Complaints may be made to the designated officers by telephone, email or under confidential mail. All cases reported will
be investigated objectively and thoroughly and appropriate action will be taken where warranted. A summary of the reports
received, investigation results and subsequent actions taken will be reported to the AC on a quarterly basis. Under certain
circumstances, the AC will be informed, as soon as practicable, of a reported case.
INTERNAL AUDIT (PRINCIPLE 13)
The Company has an internal audit department that is independent of the activities it audits. For FY2012, the internal auditors
reported directly to the Chairman of the AC on audit matters and to the Executive Chairman on administrative matters.
In discharging its functions, the AC is provided with adequate resources, has full access to and co-operation of the Management
and the internal auditors, and has full discretion to invite any Director or executive officer to attend its meetings. All major
findings and recommendations are brought to the attention of the Board of Directors.
The AC reviews and approves the annual internal audit plans and ensures that the internal audit functions are adequately
resourced with competence, and has appropriate standing within the Group to carry out its duties effectively.
COMMUNICATION WITH SHAREHOLDERS (PRINCIPLE 14)
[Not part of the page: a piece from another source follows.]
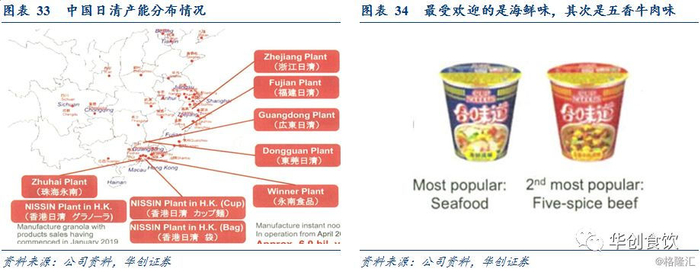 从市场环境来看,2018年中国方便面市场总需求量403亿份(全球第1位),其中高杯型方便面2015-2017年规模增长达70%。公司经营策略上,在中国香港主打业务多元化,包括方便面、速冻食品、薯片及果汁生产等;在中国大陆,实施措施包括产品高端化、杯面品牌持续渗透、销售和配送网络的扩张、业务多元化以及质量控制。日清中国业务已于2017年在港交所上市,有利于中国业务融资用于产能扩张。产能方面,公司在浙江、广东、福建、香港等地建有9座工厂。

The Company takes a serious view of maintaining full and adequate disclosure, in a timely manner, of material events and
matters concerning its businesses through SGXNET, public announcements, press releases, circulars to shareholders and
Annual Reports.
In addition, shareholders and the public can access information pertaining to the Company’s businesses, media releases and
other corporate information via its website. The Company’s Corporate Affairs and Communications department also facilitates
effective and unbiased communications with shareholders, analysts, fund managers and the media.